This was the scene that we witnessed, and these were the words that astonished our ears.
“It is time to interfere,” muttered the señor, and, placing his hand upon the rail, he prepared to drop into the church.
Now a thought struck me, and I drew him back to the passage.
“Perhaps the door is open,” I said.
“Are you going in there?” asked the girl Luisa.
“Certainly,” I replied; “we must rescue these people, or die with them.”
“Then, señors, farewell, I have done all I can for you, and now the saints must be your guide, for if I am seen they will kill me, and I have a child for whose sake I desire to live. Again, farewell,” and she glided away like a shadow.
We crept forward down the stair. At the foot of it was a little door, which, as we had hoped, stood ajar. For a moment we consulted together, then we crawled on through the gloom towards the ring of light about the altar.

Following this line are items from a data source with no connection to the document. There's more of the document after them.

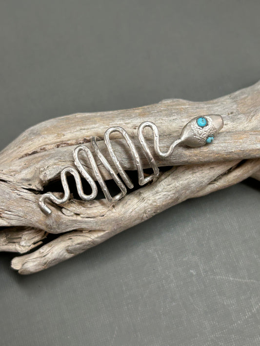 Snake ring wiggly silver snake with turquoise eyes
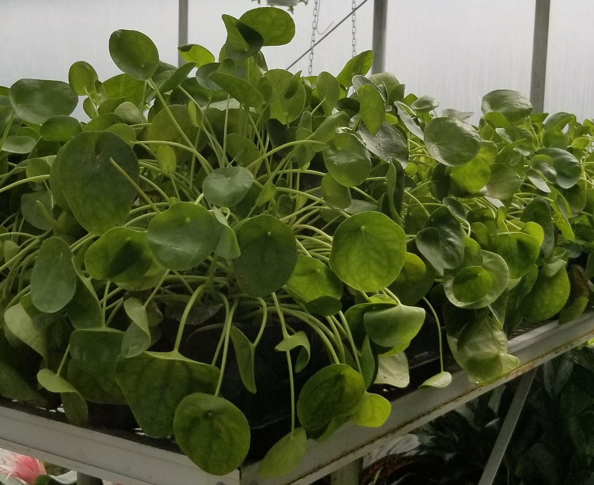 Greenhouse fresh from Hirt's Gardens since 1915. The Chinese Money Plant, also known as the missionary plant, lefse plant, pancake plant, UFO plant or just pilea (short for its scientific name of Pilea peperomioides) is originally from the southwestern Yunnan province of China. Popular lore maintains that a Norwegian missionary, Agnar Espegren, took cuttings home with him in the 1940s, and shared them with friends and family. Those plants were spread throughout Scandinavia, and eventually the world, as people passed cutting between friends. Where to Grow Light-wise, the best situation for a Chinese money plant is bright light, with no direct sunlight. Direct sun scorches leaves, and light shade may encourage larger leaves. They're said to be hardy down to freezing, and a period of cool temperatures will make them more likely to produce their tiny white flowers on pink stems. Care and Maintenance The Chinese money plant prefers a well-draining potting soil, and a pot with drainage holes is necessary. The soil needs to mostly dry out between waterings, with more watering required in warmer, sunnier weather. If the leaves start to look slightly droopy, that's a sign that the plant needs water. To keep your Chinese money plant nicely shaped, rotate it at least once a week to prevent it from getting lopsided. The large leaves tend to accumulate dust, so these plants benefit from regular showers, or at least wiping down of their leaves. Treat monthly with an all-purpose plant fertilizer during the spring and summer growing seasons. You may also want to put your plant outdoors as temperatures warm, but, again, take care to keep it out of direct sunlight. Measurements are approximate.
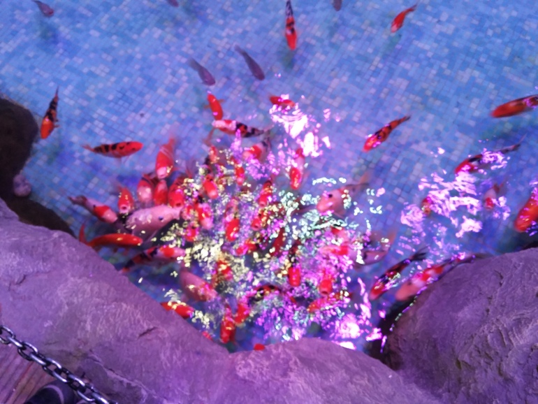 Уже на входе под мостиком красивейшие рыбки, которые сразу подплыли к нам:
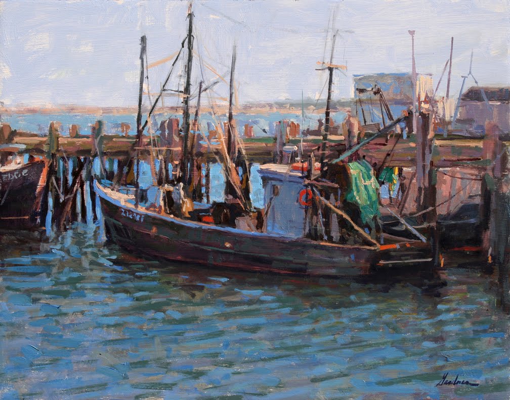 I concentrated on getting my design locked in first, then worked on painting the boat, pier and light and shadow while I could. The morning light falling on the green net and along the lines of the cabin and bow of the boat was what attracted me, so I wanted to make sure I got all of that down first. There was even a guy on deck working, so I added him in for a sense of scale and interest. I left most of the water, sky and background for later. I mixed up a few color notes for those areas while on the spot. Then used those reminders plus a photo reference to finish this one up after I got home.
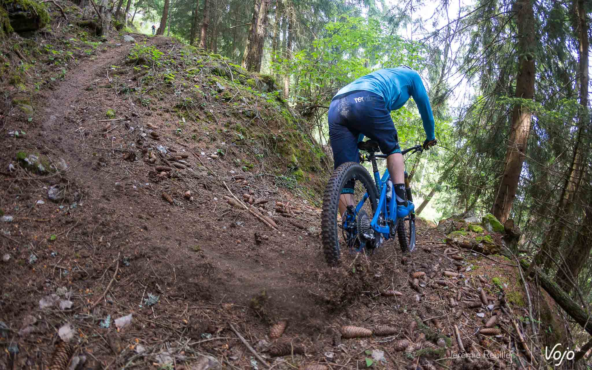 Sans transition, on attaque une descente raide aux multiples virages en épingles. Le sol souple mais accrocheur est cette fois complètement à l’avantage du vélo. Je retrouve le sourire en me jetant d’un virage à l’autre. Ici, le poids s’oublie et la rigidité du vélo facilite les placements. La géométrie fait aussi des merveilles, mêlant une stabilité redoutable dans les portions droites avec une remarquable aisance dans les portions étroites et serrées où il faut tourner dans un mouchoir de poche.
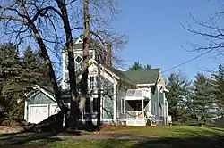 Lynnwood is a historic house at 5 Linden Avenue in Wakefield, Massachusetts. Built c. 1858, it is one of the town's finest examples of Stick style architecture. It is a 1+12-story wood-frame structure with an L-shaped cross-gable configuration; its features include deep eaves supported by arched brackets, and a 3+12-story tower topped by a hip roof with triangular dormer windows. Its eaves have brackets with pendants, and its windows have surrounds with drip molding.[2]

Now José had the heated sword in his hand.
“Look up, my dear, look up,” he said to the girl, patting her on the cheek. “I am about to baptize your excellent father according to the rites of the Christian religion, by marking him with a cross upon the forehead,” and he advanced the glowing point of the sword towards the Indian’s face.
At that instant Molas pinned him from behind, causing him to drop the weapon, while I did the same office by Don Pedro, holding him so that, struggle as he might, he could not stir.
“Make a sound, either of you, and you are dead,” said the señor, picking up the machete and placing its hot point against José’s breast, where it slowly burnt its way through his clothes.
“What are we to do with these men?” he asked.
“Kill them as they would have killed us,” answered Molas; “or, if you fear the task, cut loose the old man yonder and let him avenge his own and his daughter’s wrongs.”
“What say you, Ignatio?”
“I seek no man’s blood, but for our own safety it is well that these wretches should die. Away with them!”
Now Don Pedro began to bleat inarticulately in his terror, and that hero, José, burst into tears and pleaded for his life, writhing with pain the while, for the point of the sword scorched him.
“You are an English gentleman,” he groaned, “you cannot butcher a helpless man as though he were an ox.”
“As you tried to butcher us in the chamber yonder,—us, who saved your life,” answered the señor. “Still, you are right, I cannot do it because, as you say, I am a gentleman. Molas, loose this dog, and if he tries to run, put your knife through him. José Moreno, you have a sword by your side, and I hold one in my hand; I will not murder you, but we have a quarrel, and we will settle it here and now.”
“You are mad, señor,” I said, “to risk your life thus, I myself will kill him rather than it should be so.”
“Will you fight if I loose you, José Moreno?” he asked, making me no answer, “or will you be killed where you stand?”
“I will fight,” he replied.
“Good. Let him free, Molas, and be ready with your knife.”
“I command you,” I began, but already the man was loose and the señor stood waiting for him, his back to the door, and grasping the Indian machete handled with the golden woman.
Now José glanced round as though he sought a means of escape, but there was none, for in front was the machete and behind was the knife of Molas. For some seconds—ten perhaps—they stood facing each other in the ring of the lamp-light, whilst the moonbeams played faintly about their heads. We watched in utter silence, the Indian girl shaking the long hair from her face, and leaning forward as far as her bonds would allow, that she might see this battle to the death between him who had insulted and tormented her, and the noble-looking white man who had appeared out of the gloom to bring her deliverance.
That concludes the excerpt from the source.